== Raw data ==
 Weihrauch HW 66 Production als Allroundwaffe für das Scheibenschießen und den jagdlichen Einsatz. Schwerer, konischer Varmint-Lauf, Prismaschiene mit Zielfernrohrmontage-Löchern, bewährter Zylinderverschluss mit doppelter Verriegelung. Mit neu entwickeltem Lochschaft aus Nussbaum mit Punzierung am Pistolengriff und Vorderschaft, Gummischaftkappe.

...

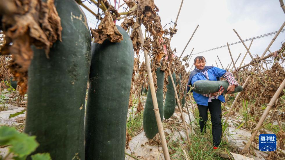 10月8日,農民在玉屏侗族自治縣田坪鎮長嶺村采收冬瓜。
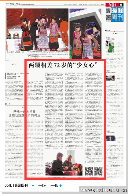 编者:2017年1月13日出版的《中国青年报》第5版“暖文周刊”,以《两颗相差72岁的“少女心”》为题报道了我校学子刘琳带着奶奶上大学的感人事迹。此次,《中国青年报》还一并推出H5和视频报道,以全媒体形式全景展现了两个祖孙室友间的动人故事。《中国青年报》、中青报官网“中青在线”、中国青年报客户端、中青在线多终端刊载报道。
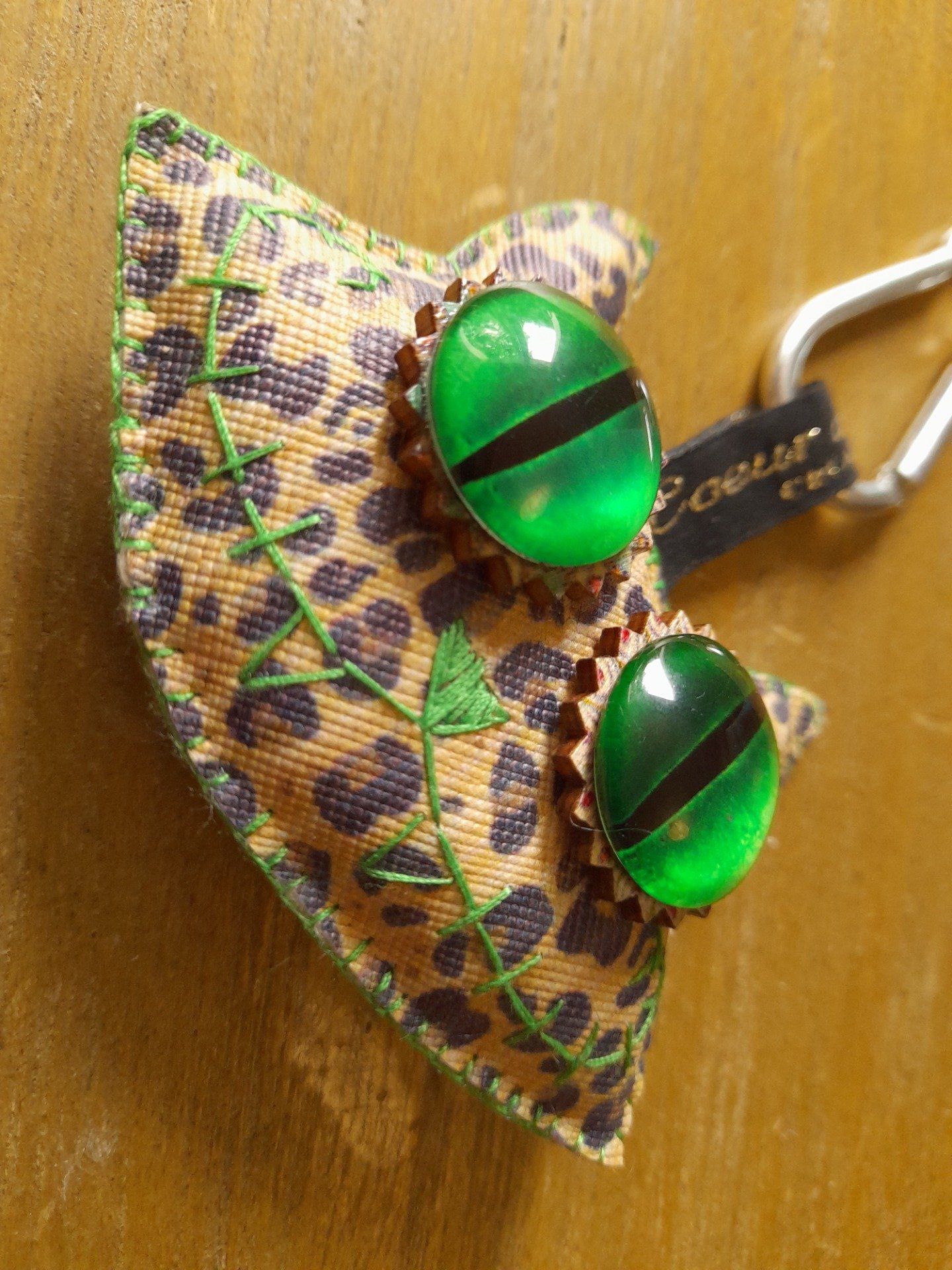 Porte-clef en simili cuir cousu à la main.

--

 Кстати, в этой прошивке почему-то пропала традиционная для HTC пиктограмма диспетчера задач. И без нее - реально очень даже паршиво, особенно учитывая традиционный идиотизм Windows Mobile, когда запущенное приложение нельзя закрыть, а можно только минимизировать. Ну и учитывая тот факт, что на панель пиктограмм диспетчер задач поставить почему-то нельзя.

== Goal of the exercise ==
Using the records above, repeat exactly the run of lines that starts with the line with "10月8日,農民在玉屏侗族自治縣田坪鎮長嶺村采收冬瓜。" and goes on through the line with "Porte-clef en simili cuir cousu à la main."; omit each picture.

== Exercise answer ==
 10月8日,農民在玉屏侗族自治縣田坪鎮長嶺村采收冬瓜。
 编者:2017年1月13日出版的《中国青年报》第5版“暖文周刊”,以《两颗相差72岁的“少女心”》为题报道了我校学子刘琳带着奶奶上大学的感人事迹。此次,《中国青年报》还一并推出H5和视频报道,以全媒体形式全景展现了两个祖孙室友间的动人故事。《中国青年报》、中青报官网“中青在线”、中国青年报客户端、中青在线多终端刊载报道。
 Porte-clef en simili cuir cousu à la main.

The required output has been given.